* _Task statement_:
Below are entries with pictures in them. Output exactly the lines starting at the line with "The Evolution Line" and ending at the line with "Durante la mañana", both included, but not the pictures.
____ Input for this task
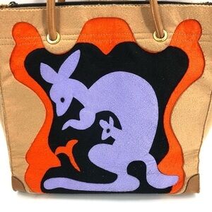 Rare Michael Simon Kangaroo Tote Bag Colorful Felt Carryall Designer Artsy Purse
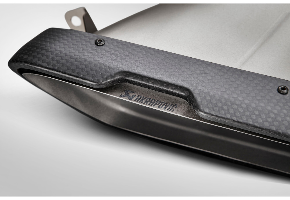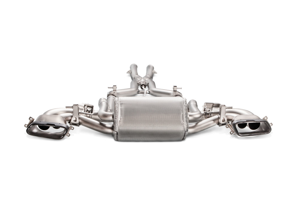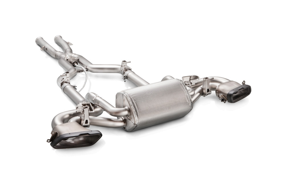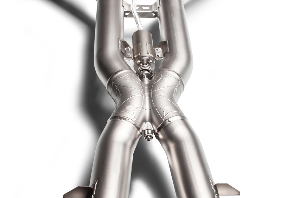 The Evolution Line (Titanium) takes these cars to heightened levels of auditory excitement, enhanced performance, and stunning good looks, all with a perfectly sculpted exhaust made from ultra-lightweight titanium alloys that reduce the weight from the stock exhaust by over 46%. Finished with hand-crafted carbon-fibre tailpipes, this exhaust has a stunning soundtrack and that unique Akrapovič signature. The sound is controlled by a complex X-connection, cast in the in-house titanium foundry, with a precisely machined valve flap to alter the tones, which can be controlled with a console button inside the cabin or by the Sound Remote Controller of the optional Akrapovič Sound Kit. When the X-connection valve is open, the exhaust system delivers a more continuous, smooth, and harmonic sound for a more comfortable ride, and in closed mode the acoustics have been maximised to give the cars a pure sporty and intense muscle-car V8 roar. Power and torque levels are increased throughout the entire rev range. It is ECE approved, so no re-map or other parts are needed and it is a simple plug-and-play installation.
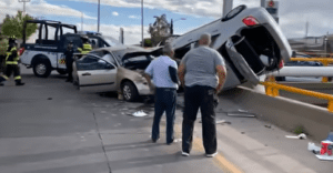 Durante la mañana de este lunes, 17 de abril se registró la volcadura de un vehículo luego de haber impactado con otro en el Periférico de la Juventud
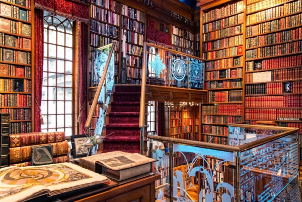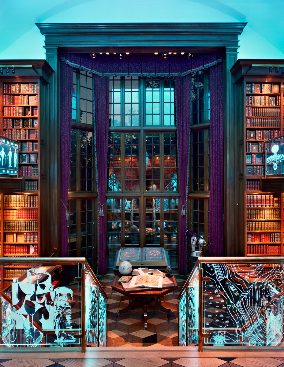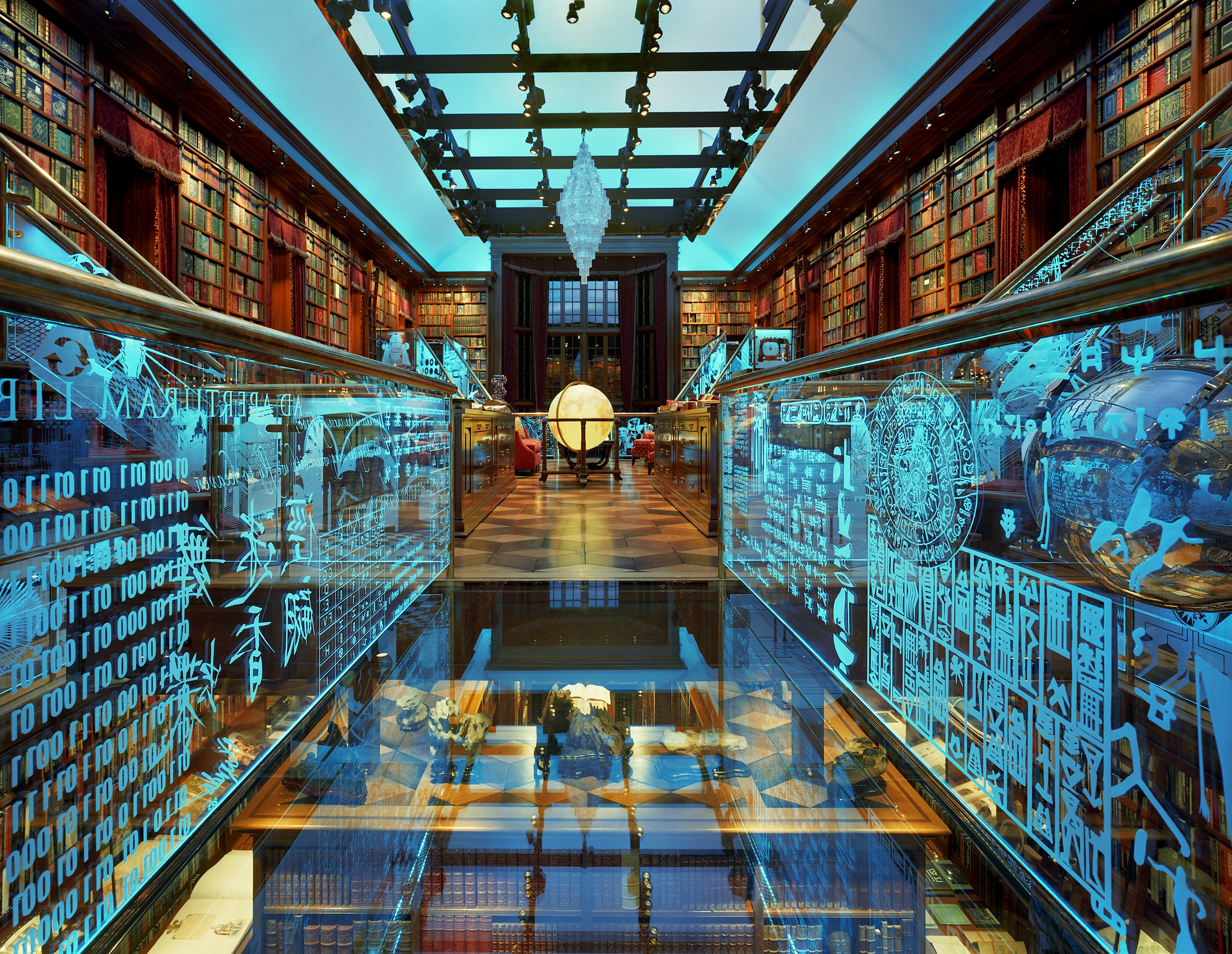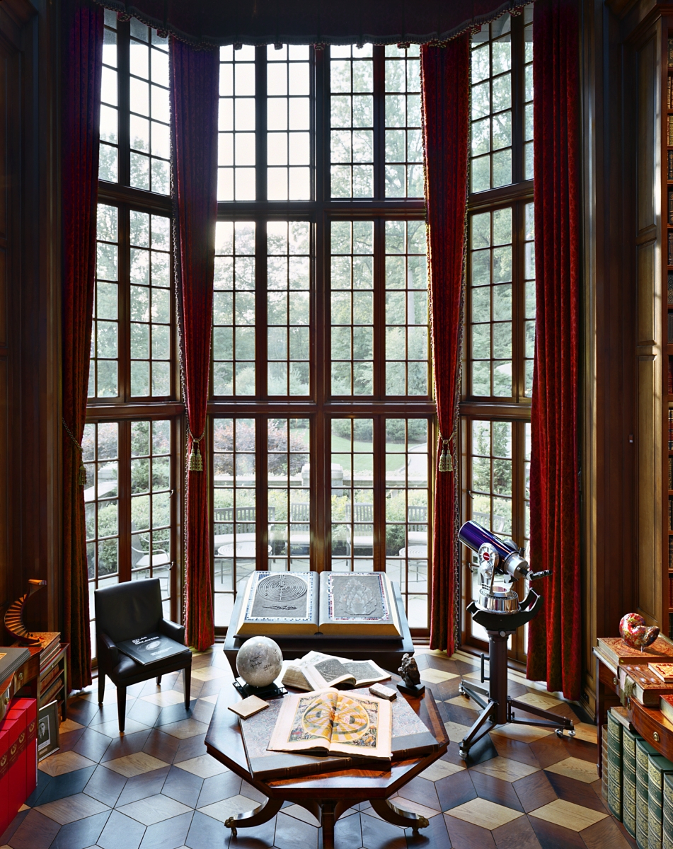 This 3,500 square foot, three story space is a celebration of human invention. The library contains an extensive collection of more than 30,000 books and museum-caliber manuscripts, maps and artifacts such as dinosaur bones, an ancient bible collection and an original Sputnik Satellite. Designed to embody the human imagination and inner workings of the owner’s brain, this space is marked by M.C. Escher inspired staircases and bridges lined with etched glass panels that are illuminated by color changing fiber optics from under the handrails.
________
____ Input for this task
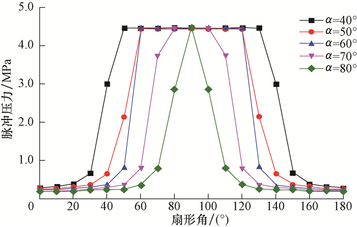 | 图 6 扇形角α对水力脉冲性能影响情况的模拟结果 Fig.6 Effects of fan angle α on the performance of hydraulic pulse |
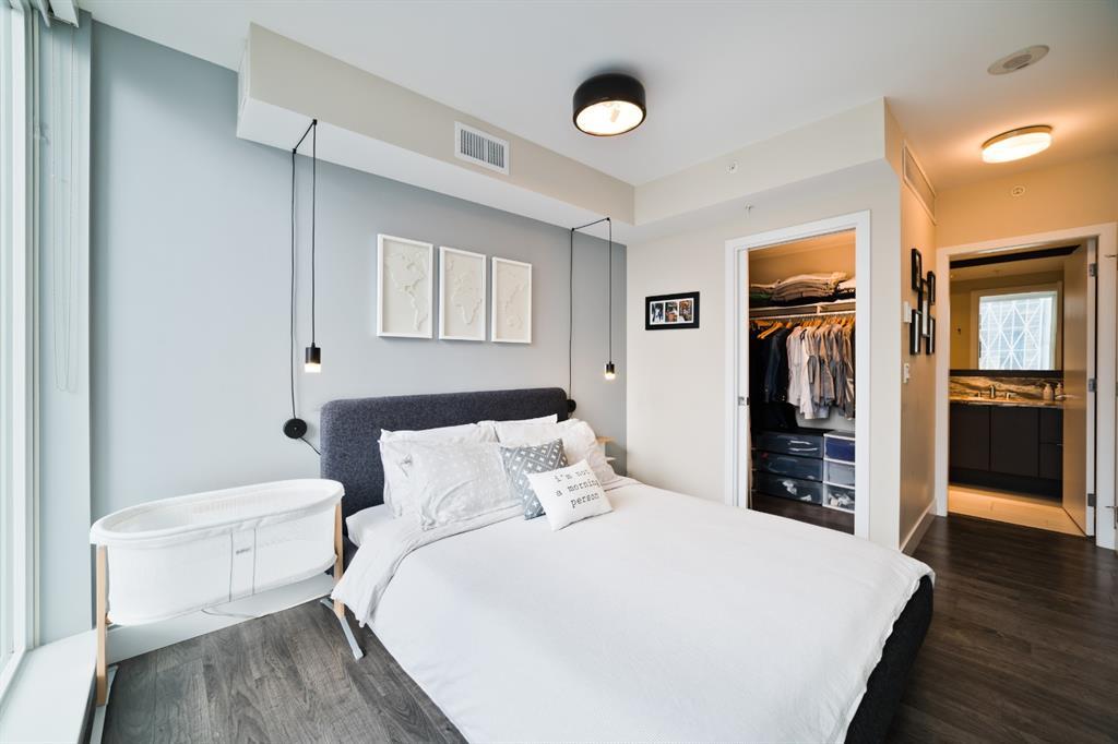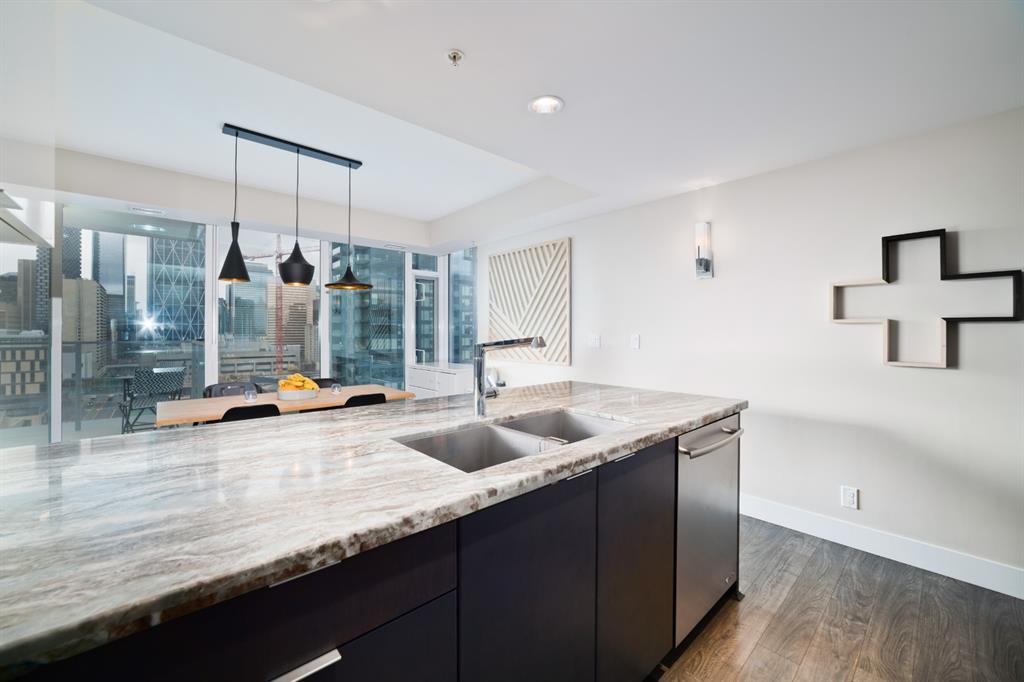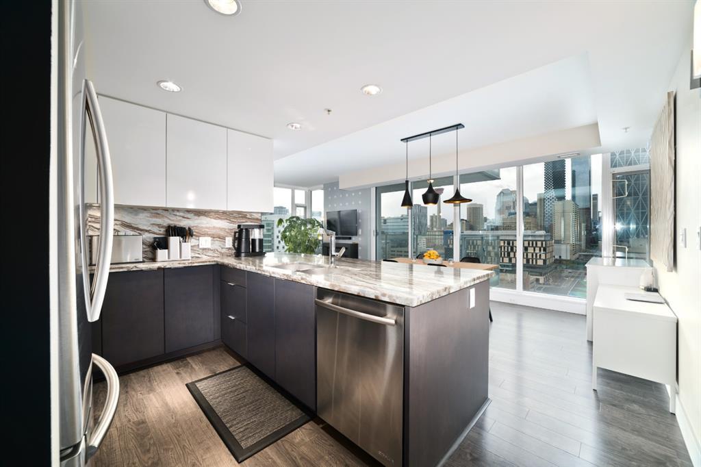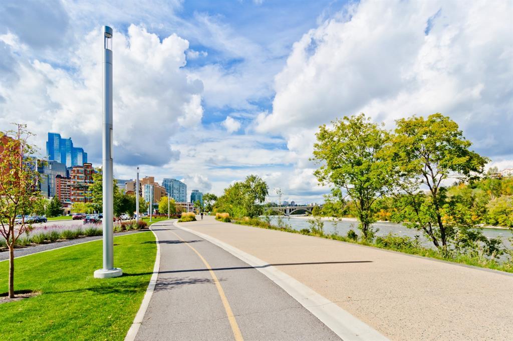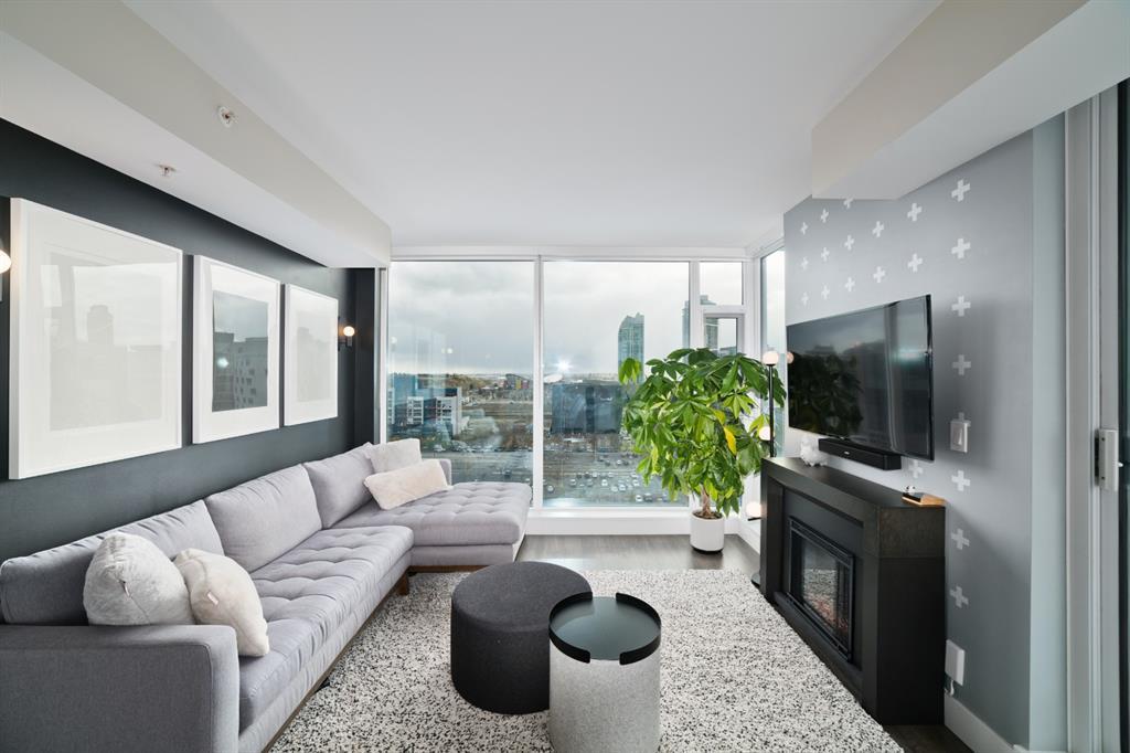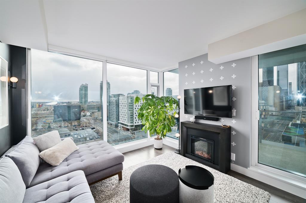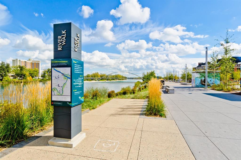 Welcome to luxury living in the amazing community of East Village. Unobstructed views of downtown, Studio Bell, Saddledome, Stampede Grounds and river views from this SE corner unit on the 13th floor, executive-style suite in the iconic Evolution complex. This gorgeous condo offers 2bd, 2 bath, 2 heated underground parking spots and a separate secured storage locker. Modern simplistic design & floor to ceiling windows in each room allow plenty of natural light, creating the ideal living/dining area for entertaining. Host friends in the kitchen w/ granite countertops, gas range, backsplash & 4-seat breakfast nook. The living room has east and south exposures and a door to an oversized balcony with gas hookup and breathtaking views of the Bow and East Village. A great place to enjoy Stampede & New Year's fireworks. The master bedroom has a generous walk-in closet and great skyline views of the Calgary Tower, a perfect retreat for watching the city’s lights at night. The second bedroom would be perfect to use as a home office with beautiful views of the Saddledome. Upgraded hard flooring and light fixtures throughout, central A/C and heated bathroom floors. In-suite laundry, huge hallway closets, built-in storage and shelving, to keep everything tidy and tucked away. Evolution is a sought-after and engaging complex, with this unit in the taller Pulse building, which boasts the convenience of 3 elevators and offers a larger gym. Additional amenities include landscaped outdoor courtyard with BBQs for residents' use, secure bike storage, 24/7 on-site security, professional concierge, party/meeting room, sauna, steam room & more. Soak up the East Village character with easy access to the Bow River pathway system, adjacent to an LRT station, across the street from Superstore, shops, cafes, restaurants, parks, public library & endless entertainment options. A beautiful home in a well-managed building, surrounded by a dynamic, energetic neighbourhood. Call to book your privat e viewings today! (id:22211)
________
____ Input for this task
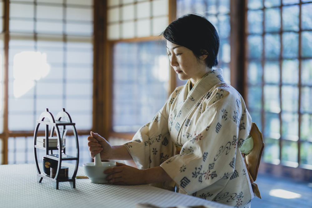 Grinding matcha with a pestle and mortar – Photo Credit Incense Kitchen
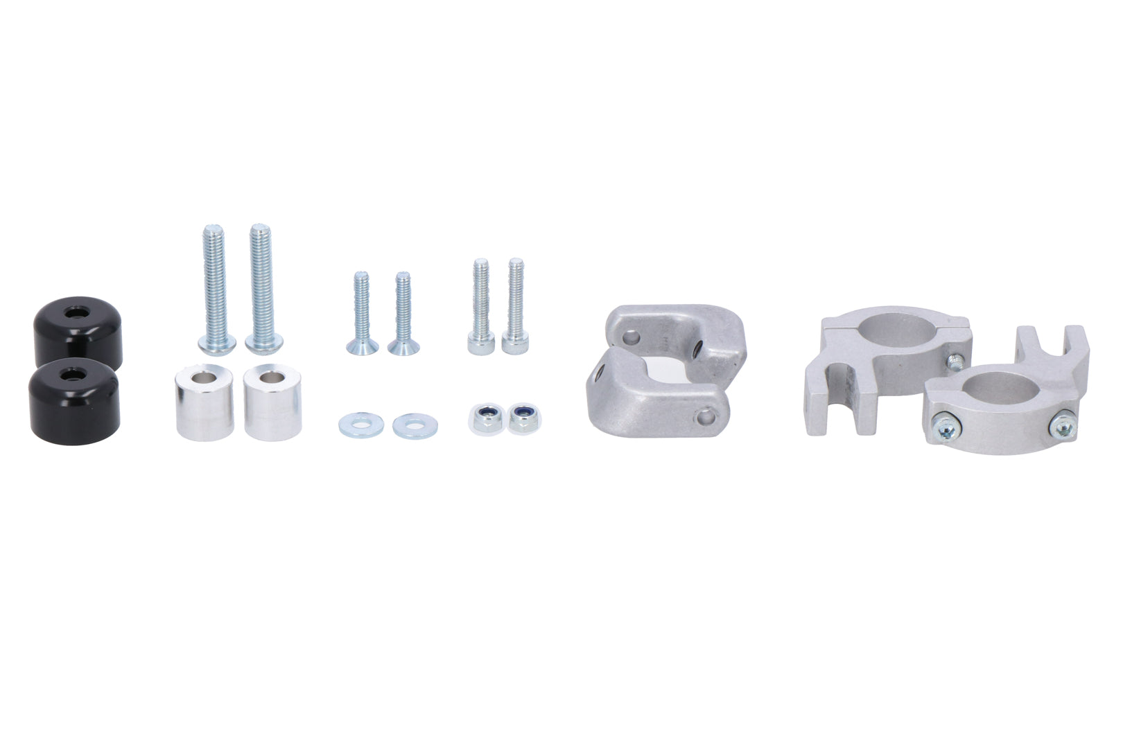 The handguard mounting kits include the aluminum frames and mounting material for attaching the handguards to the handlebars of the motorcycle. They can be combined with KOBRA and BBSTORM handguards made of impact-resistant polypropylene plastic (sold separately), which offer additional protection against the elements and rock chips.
________
* _Result for this exercise_:
 The Evolution Line (Titanium) takes these cars to heightened levels of auditory excitement, enhanced performance, and stunning good looks, all with a perfectly sculpted exhaust made from ultra-lightweight titanium alloys that reduce the weight from the stock exhaust by over 46%. Finished with hand-crafted carbon-fibre tailpipes, this exhaust has a stunning soundtrack and that unique Akrapovič signature. The sound is controlled by a complex X-connection, cast in the in-house titanium foundry, with a precisely machined valve flap to alter the tones, which can be controlled with a console button inside the cabin or by the Sound Remote Controller of the optional Akrapovič Sound Kit. When the X-connection valve is open, the exhaust system delivers a more continuous, smooth, and harmonic sound for a more comfortable ride, and in closed mode the acoustics have been maximised to give the cars a pure sporty and intense muscle-car V8 roar. Power and torque levels are increased throughout the entire rev range. It is ECE approved, so no re-map or other parts are needed and it is a simple plug-and-play installation.
 Durante la mañana de este lunes, 17 de abril se registró la volcadura de un vehículo luego de haber impactado con otro en el Periférico de la Juventud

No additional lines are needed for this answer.